TIGER: Traceable Inference with Graph-Based Evidence Routing for Mitigating Hallucinations in Multimodal Generation
Pith reviewed 2026-06-28 21:58 UTC · model grok-4.3
The pith
TIGER mitigates hallucinations by extracting separate graphs from input and output to score and repair unsupported claims at inference time.
A machine-rendered reading of the paper's core claim, the machinery that carries it, and where it could break.
Core claim
TIGER independently extracts an observation graph from the input and a claim graph from the current output, assigns each claim a graph-conditioned risk score based on support and conflict, and repairs selected high-risk claims while keeping the backbone frozen. A convergence analysis shows the expected total risk decreases geometrically to an explicit asymptotic bound under mild assumptions. Experiments across four cross-modal paths show TIGER reduces unsupported content while preserving task quality, with gains holding across multiple backbones and a CrisisFACTS case study indicating improved grounding in multi-source settings.
What carries the argument
Observation graph from the input and claim graph from the output, used to compute support and conflict relations for per-claim risk scores.
If this is right
- Reduces unsupported content across image-to-text, image-plus-text-to-text, audio-to-text, and video-to-text tasks.
- Preserves task quality while operating on multiple frozen backbones.
- The same repair mechanism improves grounding when evidence comes from multiple sources, as shown in the CrisisFACTS case study.
Where Pith is reading between the lines
- The graph-based routing could be applied to text-only generation where factuality matters.
- Tracing risk scores back to specific edges might make model outputs more interpretable for debugging.
- Adding temporal or causal relations to the graphs could address hallucinations in sequential or narrative generation.
Load-bearing premise
The graph extraction step from input and output accurately captures support and conflict relations without introducing systematic bias.
What would settle it
A controlled test comparing TIGER's extracted graphs against human-annotated support relations on the same inputs and outputs, checking whether hallucination reduction disappears when the automated graphs mismatch the annotations.
Figures
read the original abstract
We study fact-level repair for multimodal generation, where a fluent output may contain specific facts that are not supported by the input. Existing inference-time repair methods often generate feedback by jointly conditioning on the input and the current output. This design has two limitations: hallucinated claims in the output can bias the model's interpretation of the input, and free-form feedback cannot be ranked or scheduled at the fact level. We present TIGER, an inference-time framework that redesigns feedback for localized repair. TIGER independently extracts an observation graph from the input and a claim graph from the current output, then assigns each claim a graph-conditioned risk score based on support and conflict. The model repairs selected high-risk claims while keeping the backbone frozen. We provide a convergence analysis showing that the expected total risk decreases geometrically to an explicit asymptotic bound under mild assumptions. Experiments across four cross-modal paths, including image-to-text, image+text-to-text, audio-to-text, and video-to-text, show that TIGER reduces unsupported content while preserving task quality. The gains hold across multiple backbones, and a CrisisFACTS case study suggests that the same repair mechanism can improve grounding in multi-source settings.
Editorial analysis
A structured set of objections, weighed in public.
Referee Report
Summary. The paper introduces TIGER, an inference-time framework for fact-level repair in multimodal generation to mitigate hallucinations. It extracts an observation graph from the input and a claim graph from the output using a frozen backbone model, computes graph-conditioned risk scores based on support and conflict relations, and performs localized repair on high-risk claims. A convergence analysis is provided showing that expected total risk decreases geometrically to an explicit asymptotic bound under mild assumptions. Experiments on four cross-modal tasks (image-to-text, image+text-to-text, audio-to-text, video-to-text) across multiple backbones report reduced unsupported content while preserving task quality, with an additional CrisisFACTS case study.
Significance.

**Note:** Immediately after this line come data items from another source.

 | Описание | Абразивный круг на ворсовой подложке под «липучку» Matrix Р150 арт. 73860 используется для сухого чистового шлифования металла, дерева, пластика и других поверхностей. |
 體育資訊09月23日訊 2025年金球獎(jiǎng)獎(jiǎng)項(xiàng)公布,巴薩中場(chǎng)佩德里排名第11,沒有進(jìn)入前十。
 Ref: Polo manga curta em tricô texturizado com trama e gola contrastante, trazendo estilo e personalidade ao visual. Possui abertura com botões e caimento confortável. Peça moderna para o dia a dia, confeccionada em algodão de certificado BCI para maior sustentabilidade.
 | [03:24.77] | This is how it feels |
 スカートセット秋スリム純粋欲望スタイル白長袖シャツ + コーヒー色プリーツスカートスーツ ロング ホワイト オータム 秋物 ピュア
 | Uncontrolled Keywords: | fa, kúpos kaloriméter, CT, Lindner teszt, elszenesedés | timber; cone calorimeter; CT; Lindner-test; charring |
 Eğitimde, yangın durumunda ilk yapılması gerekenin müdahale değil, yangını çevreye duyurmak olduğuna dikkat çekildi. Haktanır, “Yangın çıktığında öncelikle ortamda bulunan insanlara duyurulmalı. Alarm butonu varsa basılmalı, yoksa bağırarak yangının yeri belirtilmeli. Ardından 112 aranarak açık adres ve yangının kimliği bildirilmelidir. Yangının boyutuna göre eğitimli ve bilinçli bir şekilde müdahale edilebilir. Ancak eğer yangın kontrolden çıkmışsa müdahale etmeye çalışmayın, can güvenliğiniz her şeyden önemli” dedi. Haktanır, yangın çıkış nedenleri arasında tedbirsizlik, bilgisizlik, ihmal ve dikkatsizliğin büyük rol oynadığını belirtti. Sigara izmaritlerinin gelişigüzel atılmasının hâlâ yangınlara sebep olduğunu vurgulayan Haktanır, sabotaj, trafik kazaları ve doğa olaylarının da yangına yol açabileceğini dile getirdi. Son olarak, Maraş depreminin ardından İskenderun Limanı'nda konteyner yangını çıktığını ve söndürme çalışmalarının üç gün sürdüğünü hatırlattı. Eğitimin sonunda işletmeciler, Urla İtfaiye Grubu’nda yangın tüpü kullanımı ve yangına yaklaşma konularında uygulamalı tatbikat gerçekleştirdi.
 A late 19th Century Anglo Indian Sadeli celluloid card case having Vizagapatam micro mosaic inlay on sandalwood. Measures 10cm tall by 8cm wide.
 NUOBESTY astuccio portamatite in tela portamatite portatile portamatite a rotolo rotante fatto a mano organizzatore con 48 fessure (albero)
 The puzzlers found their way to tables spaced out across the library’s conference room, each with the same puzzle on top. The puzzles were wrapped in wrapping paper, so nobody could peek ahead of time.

If the central claims hold, TIGER provides a traceable, localized alternative to joint-conditioning repair methods with theoretical convergence guarantees and demonstrated applicability across modalities without retraining. The explicit asymptotic bound and graph-based routing for interpretability are notable strengths. The cross-modal experimental design and multi-backbone consistency add to potential impact in grounded multimodal generation.
major comments (2)
- [§4] §4 (Convergence Analysis): The geometric convergence of expected total risk to an explicit asymptotic bound is derived under mild assumptions on the risk scores, but the analysis does not establish independence of the graph-conditioned risk scores from the generator. Since both the observation graph and claim graph are extracted by the same frozen backbone that produced the output, any systematic interpretive bias in the backbone can propagate into the support/conflict relations and risk scores, making the measured risk reduction non-independent of the generator itself. This directly affects whether the bound represents external hallucination reduction.

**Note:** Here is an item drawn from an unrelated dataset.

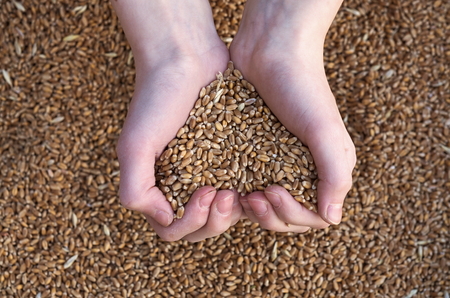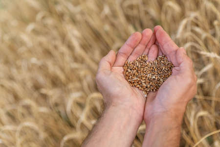 Harvest, close up of farmer's hands holding wheat grains against the background of grain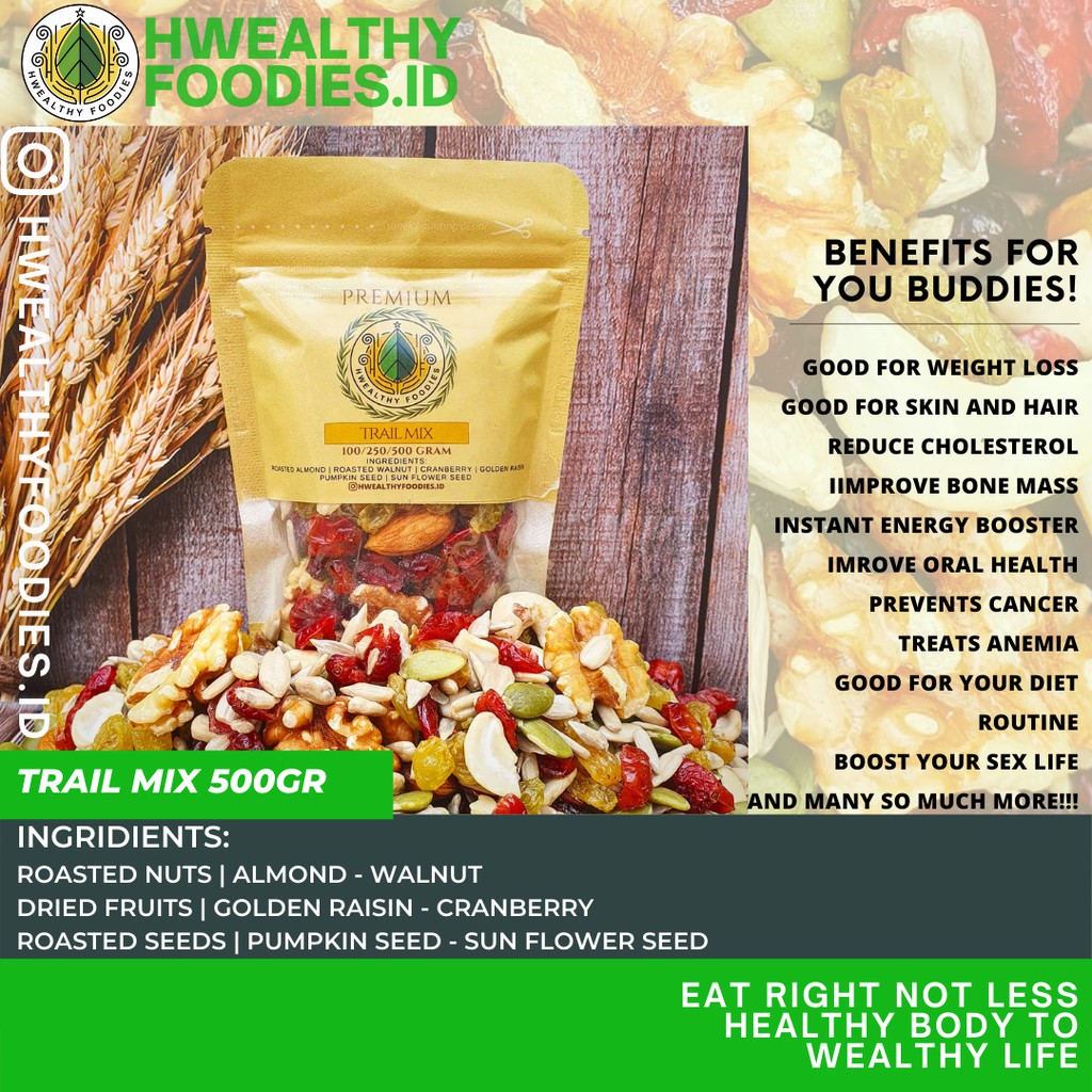 HWEALTHY PREMIUM TRAIL MIX sangat ideal untuk Buddies yang sedang berdiet, untuk ibu hamil & menyusui dan juga baik untuk Buddies yang gemar berolahraga.

- [§5] §5 (Experiments): The reported reductions in unsupported content across the four cross-modal paths are measured using the same graph-extraction pipeline that defines the risk scores. Without an external validator (e.g., human annotation or an independent model) for the unsupported-content metric, it is unclear whether the gains reflect true grounding improvement or merely consistency with the backbone's own extraction biases. This is load-bearing for the empirical claim that TIGER reduces unsupported content while preserving task quality.
minor comments (2)
- [Abstract, §5] Abstract and §5: Dataset sizes, number of examples per path, and error bars on the unsupported-content and task-quality metrics are not stated; these details are needed to assess the scale and statistical reliability of the reported gains.
- [§3] §3 (Method): The precise definition of the graph-conditioned risk score (how support and conflict edges are aggregated into a scalar) should be given as an equation rather than prose to allow direct inspection of the convergence assumptions.
Simulated Author's Rebuttal
We thank the referee for the constructive comments on the convergence analysis and experimental design. We respond point by point to the major comments below.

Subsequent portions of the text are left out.